Vegetative compatibility and parasexual
segregation in Colletotrichum lindemuthianum,
a fungal pathogen of the common bean
M.A.A. Castro-Prado, C.B. Querol, J.R. Sant’Anna, C.T. Miyamoto,
C.C.S. Franco, C.A. Mangolin and M.F.P.S. Machado
Departamento de Biologia Celular e Genética, Universidade Estadual de
Maringá, Maringá, PR, Brasil
Corresponding author: M.A.A. Castro-Prado
E-mail: [email protected]
Genet. Mol. Res. 6 (3): 634-642 (2007)
Received May 18, 2007
Accepted August 2, 2007
Published September 30, 2007
ABSTRACT. The heterokaryotic and vegetative diploid phases of
Colletotrichum lindemuthianum are described using nutritional and
biochemical markers. Nitrate non-utilizing mutants (nit), derived
from R2047, R89, R73, R65, and R23 isolates, were paired in all
possible combinations to obtain heterokaryons. Although pairings
R2047/R89, R2047/R73, R65/R73, and R73/R23 showed complete
vegetative incompatibility, prototrophic heterokaryons were obtained
from pairings R2047/R65, R2047/R23, R65/R89, R65/R23, R73/R89,
R89/R23, R2047/R2047, R65/R65, R89/R89, R73/R73, and R23/R23.

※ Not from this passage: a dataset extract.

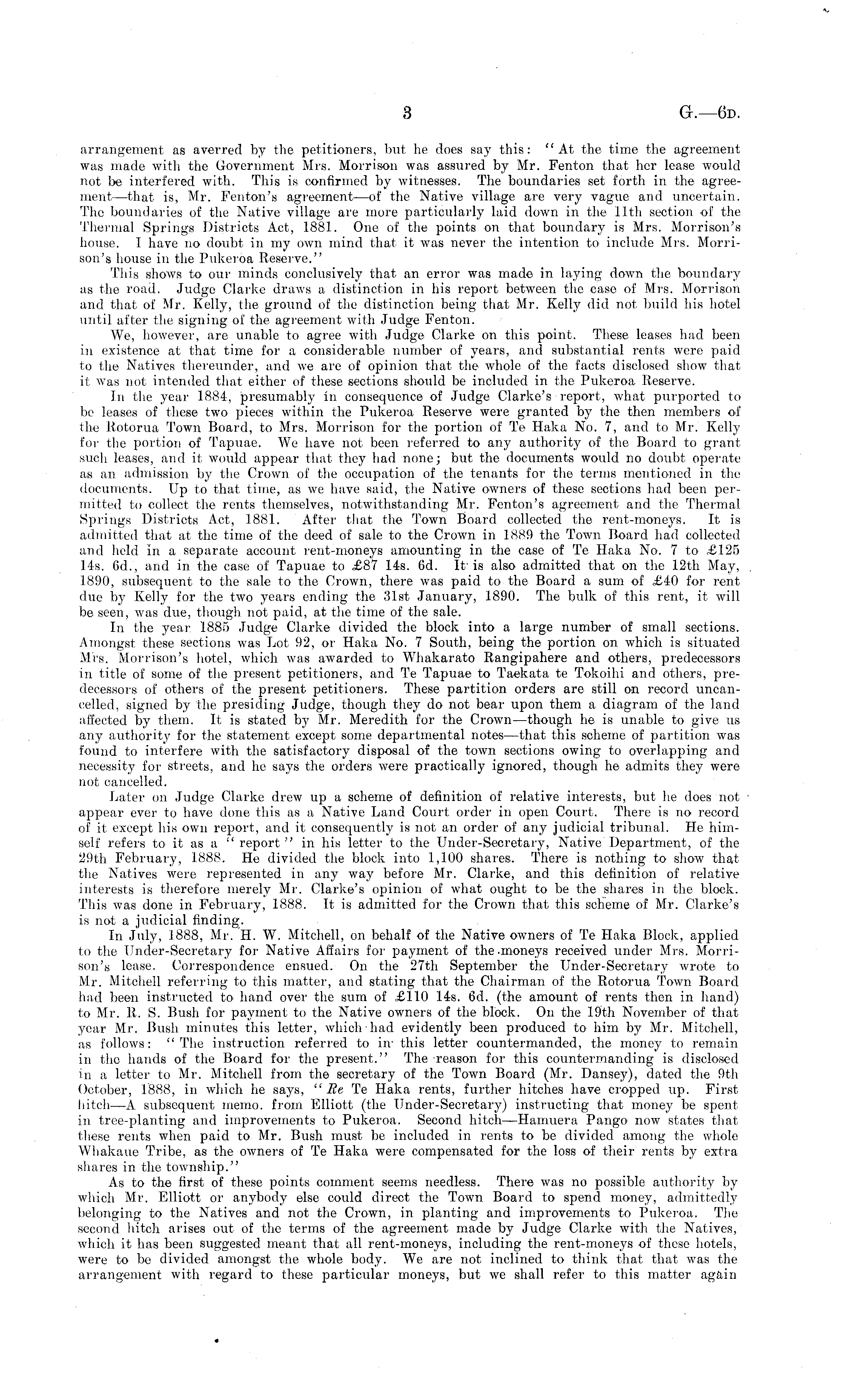 arrangement as averred by the petitioners, but he does say this: "At the time the agreement was made with the Government Mrs. Morrison was assured by Mr. Fenton that her lease would not be interfered with. This is confirmed by witnesses. The boundaries set forth in the agreement —that is, Mr. Fenton's agreement —of the Native village are very vague and uncertain. The boundaries of the Native village are more particularly laid down in the 11th section of the Thermal Springs Districts Act, 1881. One of the points on that boundary is Mrs. Morrison's house. I have no doubt in my own mind that it was never the intention to include Mrs. Morrison's house in the Pukeroa Reserve." This shows to our minds conclusively that an error was made in laying down the boundary as the road. Judge Clarke draws a distinction in his report between the case of Mrs. Morrison and that of Mr. Kelly, the ground of the distinction being that Mr. Kelly did not build his hotel until after the signing of the agreement with Judge Fenton. We, however, are unable to agree with Judge Clarke on this point. These leases had been in existence at that time for a considerable number of years, and substantial rents were paid to the Natives thereunder, and we are of opinion that the whole of the facts disclosed show that it was not intended that either of these sections should be included in the Pukeroa Reserve. In the year 1884, presumably in consequence of Judge Clarke's report, what purported to be leases of these two pieces within the Pukeroa Reserve were granted by the then members of the Rotorua Town Board, to Mrs. Morrison for the portion of To Haka No. 7, and to Mr. Kelly for the portion of Tapuae. We have not been referred to any authority of the Board to grant such leases, and it would appear that they had none; but the documents would no doubt operate as an admission by the Crown of the occupation of the tenants for the terms mentioned in the documents. Up to that time, as we have said, the Native owners of these sections had been permitted to collect the rents themselves, notwithstanding Mr. Fenton's agreement and the Thermal Spring's Districts Act, 1881. After that the Town Board collected the rent-moneys. It is admitted that at the time of the deed of sale to the Crown in 1889 the Town Board had collected and held in a separate account rent-moneys amounting in the case of Te Haka No. 7 to £125 14s. 6d., and in the case of Tapuae to £87 14s. 6d. It is also admitted that on the 12th May, 1890, subsequent to the sale to the Crown, there was paid to the Board a sum of £40 for rent due by Kelly for the two years ending the 31st January, 1890. The bulk of this rent, it will be seen, was due, though not paid, at the time of the sale. In the year. 1885 Judge Clarke divided the block into a large number of small sections. Amongst these sections was Lot 92, or Haka No. 7 South, being the portion on which is situated Mrs. Morrison's hotel, which was awarded to Whakarato Rangipahere and others, predecessors in title of some of the present petitioners, and Te Tapuae to Taekata te Tokoihi and others, predecessors of others of the present petitioners. These partition orders are still on record uncancelled, signed by the presiding Judge, though they do not bear upon them a diagram of the land affected by them. It is stated by Mr. Meredith for the Crown—though he is unable to give us any authority for the statement except some departmental notes—that this scheme of partition was found to interfere with the satisfactory disposal of the town sections owing to overlapping and necessity for streets, and he says the orders were practically ignored, though he admits they were not cancelled. Later on Judge Clarke drew up a scheme of definition of relative interests, but he does not appear ever to have done this as a Native Land Court order in open Court. There is no record of it except his own report, and it consequently is not an order of any judicial tribunal. He himself refers to it as a "report" in his letter to the Under-Secretary, Native Department, of the 29th February, 1888. He divided the block into 1,100 shares. There is nothing to show that the Natives were represented in any way before Mr. Clarke, and this definition of relative interests is therefore merely Mr. Clarke's opinion of what ought to be the shares in the block. This was done in February, 1888. It is admitted for the Crown that this scheme of Mr. Clarke's is not a judicial finding. In July, 1888, Mr. H. W. Mitchell, on behalf of the Native owners of Te Haka Block, applied to the Under-Secretary for Native Affairs for payment of the .moneys received under Mrs. Morrison's lease. Correspondence ensued. On the 27th September the Under-Secretary wrote to Mr. Mitchell referring to this matter, and stating that the Chairman of the Rotorua Town Board had been instructed to hand over the sum of £110 14s. 6d. (the amount of rents then in hand) to Mr. R. S. Bush for payment to the Native owners of the block. On the 19th November of that year Mr. Bush minutes this letter, which had evidently been produced to him by Mr. Mitchell, as follows: "The instruction referred to in this letter countermanded, the money to remain in the hands of the Board for the present." The reason for this countermanding is disclosed in a letter to Mr. Mitchell from the secretary of the Town Board (Mr. Dansey), dated the 9th October, 1888, in which he says, "Re Te Haka rents, further hitches have cropped up. First hitch—A subsequent memo, from Elliott (the Under-Secretary) instructing that money be spent in tree-planting and improvements to Pukeroa. Second hitch—Hamuera Pango now states that these rents when paid to Mr. Bush must be included in rents to be divided among the whole Whakaue Tribe, as the owners of Te Haka were compensated for the loss of their rents by extra shares in the township." As to the first of these points comment seems needless. There was no possible authority by wh

Heterokaryons gave rise to spontaneous mitotic segregants which
carried markers corresponding to one or the other of the parental strains.
Heterokaryons spontaneously produced prototrophic fast-growing
sectors too, characterized as diploid segregants. Diploids would be
expected to yield auxotrophic segregants following haploidization
in basal medium or in the presence of benomyl. Parental haploid
segregants were in fact recovered from diploid colonies growing in
basal medium and basal medium containing the haploidizing agent.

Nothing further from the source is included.